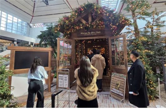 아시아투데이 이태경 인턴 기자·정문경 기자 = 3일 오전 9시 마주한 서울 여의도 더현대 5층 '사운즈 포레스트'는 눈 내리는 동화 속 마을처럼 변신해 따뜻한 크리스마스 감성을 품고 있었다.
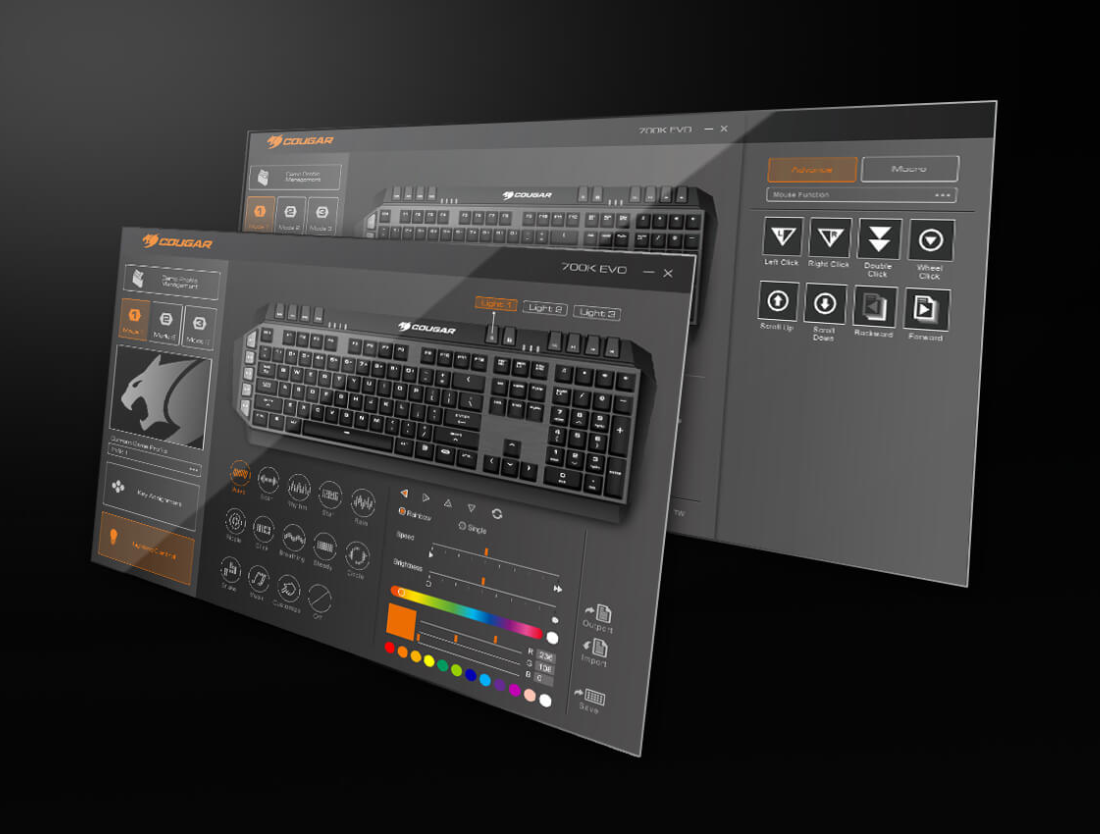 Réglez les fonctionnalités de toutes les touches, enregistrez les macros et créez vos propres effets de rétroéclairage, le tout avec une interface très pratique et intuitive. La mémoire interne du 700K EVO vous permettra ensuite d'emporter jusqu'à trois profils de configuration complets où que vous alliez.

...

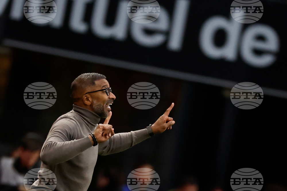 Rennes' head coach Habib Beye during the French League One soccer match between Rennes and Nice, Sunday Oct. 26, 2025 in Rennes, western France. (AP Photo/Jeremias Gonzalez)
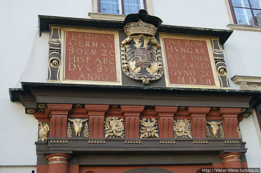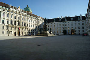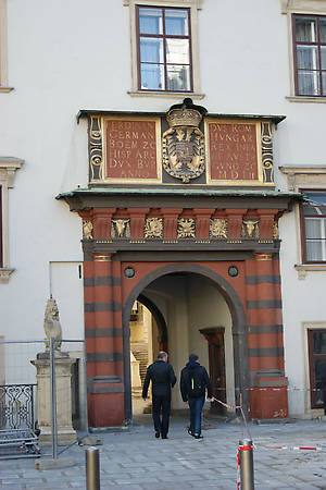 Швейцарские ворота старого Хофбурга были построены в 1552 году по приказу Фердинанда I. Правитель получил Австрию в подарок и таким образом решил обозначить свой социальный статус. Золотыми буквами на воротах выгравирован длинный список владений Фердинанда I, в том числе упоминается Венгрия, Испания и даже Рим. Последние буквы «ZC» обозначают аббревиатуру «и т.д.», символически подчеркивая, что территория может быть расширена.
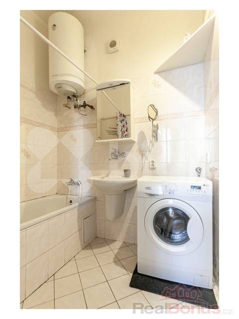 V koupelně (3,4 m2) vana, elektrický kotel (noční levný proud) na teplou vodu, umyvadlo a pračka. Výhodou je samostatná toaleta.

* [Work item] No picture is to be printed. Output exactly the lines above from the line containing "아시아투데이 이태경 인턴" through the line containing "Réglez les fonctionnalités".

* [Solution to this problem]
 아시아투데이 이태경 인턴 기자·정문경 기자 = 3일 오전 9시 마주한 서울 여의도 더현대 5층 '사운즈 포레스트'는 눈 내리는 동화 속 마을처럼 변신해 따뜻한 크리스마스 감성을 품고 있었다.
 Réglez les fonctionnalités de toutes les touches, enregistrez les macros et créez vos propres effets de rétroéclairage, le tout avec une interface très pratique et intuitive. La mémoire interne du 700K EVO vous permettra ensuite d'emporter jusqu'à trois profils de configuration complets où que vous alliez.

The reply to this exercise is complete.